The letters and drawings were exhibited on Thursday at the Lebanese American University in Beirut, where some of the Syrian children performed a song as part of a larger IWCS concert.
"I want to learn to speak your language," one of the letters that came from New York read.
Another said: "I hope you get the things that you need like a lot of food."
"It shows that people care," said IWCS director Seba Ali.
"It gives them self-esteem and tells them that they are a very, very important part in our society and that they matter."
Among the letters were drawings, one of which - drawn by a Syrian child - was of a broken heart with a knife through it.
"Seeing is different from hearing.

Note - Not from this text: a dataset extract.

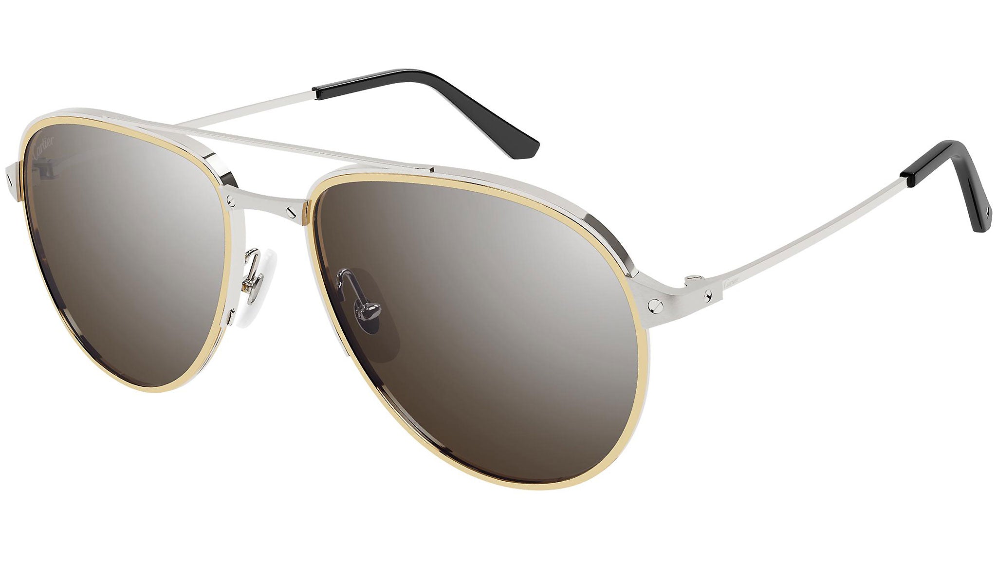 Occhiali da sole Cartier Core Range modello 0325S, variante colore 008 platino levigato satinato con inserto oro con lenti color marrone con flash argento. Fondata nel 1847, Maison Cartier non è solo uno dei nomi più affermati nel mondo della gioielleria e dell'orologeria, ma anche il punto di riferimento del più moderno concetto di lusso contemporaneo. Cartier crea occhiali eccezionali, declina ogni design traendo ispirazione dai tratti distintivi del proprio vocabolario iconico, guidato da una vision stilistica chiara, dalla creatività più distintiva, e da un savoir-faire eccezionale.

And when they read how we are living it will affect them ... they don't know how bad our living conditions are," said 12-year-old refugee Baraa'a Anter.
"I am every happy because I am talking to them," she added with a beaming smile. "And I hope one day I can see them and they can see me." (Reporting by Heba Kanso @hebakanso, Editing by Robert Carmichael; Please credit Thomson Reuters Foundation, the charitable arm of Thomson Reuters, that covers humanitarian news, women's rights, trafficking, property rights, and climate change. Visit www.trust.org)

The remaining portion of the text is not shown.